The problems that arise over arbitrary fields mostly have nothing to do with linear algebra itself, more with the applications.
You have to realize that linear algebra arose as a conglomerate of many different concepts and applications: solving linear equations, linear transformations between vector spaces, general matrix theory, matrix groups and rings, geometric problems, engineering applications.
All of the algebra essentially only depends on the fact that you are working over a field. But when you are working with an arbitrary field, you often don't have a notion of distance, angles, slopes, etc. So
- anything that involves having something be greater than/less something else could create a problem (as mentioned in another answer, inner products can give problems because asking that $x \cdot x \geq 0$ for all $x$ can become meaningless)
- anything involving length requires a bit of consideration or redefinition (what does it mean to "normalize" a vector if you don't have a way to measure its length? How do you measure the distance between a vector and a subspace for a least-squares problem?)

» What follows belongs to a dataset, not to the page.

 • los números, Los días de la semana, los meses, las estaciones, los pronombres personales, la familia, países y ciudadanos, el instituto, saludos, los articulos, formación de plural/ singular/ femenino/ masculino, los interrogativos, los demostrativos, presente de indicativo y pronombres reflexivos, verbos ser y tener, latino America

Many things can be redefined however.
- Distance metrics such as the Hamming distance can be imposed (as well as others).
- Sometimes "normalizing" a vector can just mean scaling so the first (or last) nonzero entry is a 1.

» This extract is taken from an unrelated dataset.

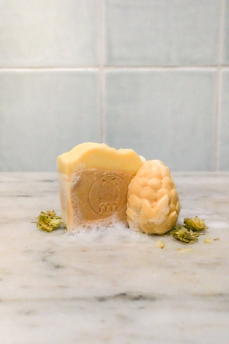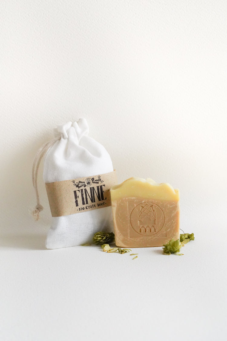 Pflegende Hand -, Haar - und Körperseife, hergestellt mit Finne Scottish Ale. Ohne künstliche Duft- und Farbstoffe.

- Orthogonality can be defined in terms of an arbitrary bilinear or sesquilinear form $B: V\times V \to \mathbb{F}$ (usually we require that $B$ is reflexive, that is that $B(x,y) = 0$ if and only if $B(y,x) = 0$ so that orthogonality is a symmetric relation).
Making these redefinitions will require verifying and reproving that you have analogous properties that you have in the real and complex case. Often you do have similarities, but often with some subtle differences (eg you can often have nonzero vectors that are orthogonal to themselves).